Aradale Mental Hospital
Ararat Lunatic Asylum, or Aradale Mental Hospital as it was afterwards known, was Australia’s largest abandoned mental institution when it closed in 1997, having seen 13,000 deaths in its 130-year history. When it first opened in 1867, it had an annual death rate of 100 people. Patients, inmates, and employees are all included. The structure is now used for ghost tours, with claims of guests passing out abruptly, feeling nausea and aches when walking through certain rooms, wards with sinister scents, and “methodical hammering sounds” such as patients bashing their heads against walls. Another notable room is claimed to leave visitors experiencing “nausea, dread, and trance-like states” that persist until they leave the premises.
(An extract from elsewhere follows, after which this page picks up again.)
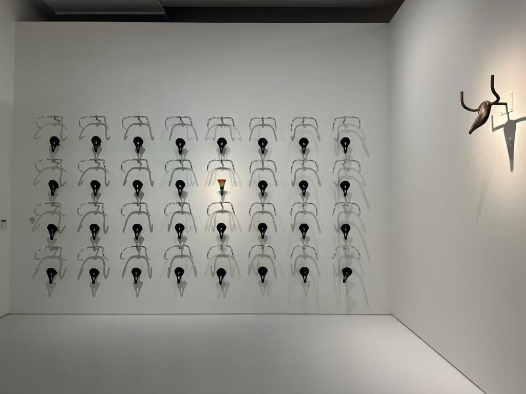 展覽一開始,就出乎大部分人的意料,一件由自行車鞍座和把手焊接而成的《牛頭》,與一墻當代鞍座和把手呼應。

Amityville Horror House in New York
Whether you believe the “nonfiction” book or the horror film franchise it spawned, there’s no denying that some terrifying real-life events took place in this otherwise charming Dutch Colonial–style home at 112 Ocean Avenue. A young teenager murdered his parents and four siblings at their home in the early 1970s. After the killings, a new family bought the house and experienced all kinds of strange scents and experiences, as well as incomprehensible, scary visions. The family left after only 28 days. Don’t be that person who takes a photo in front of the house because it’s still a private residence.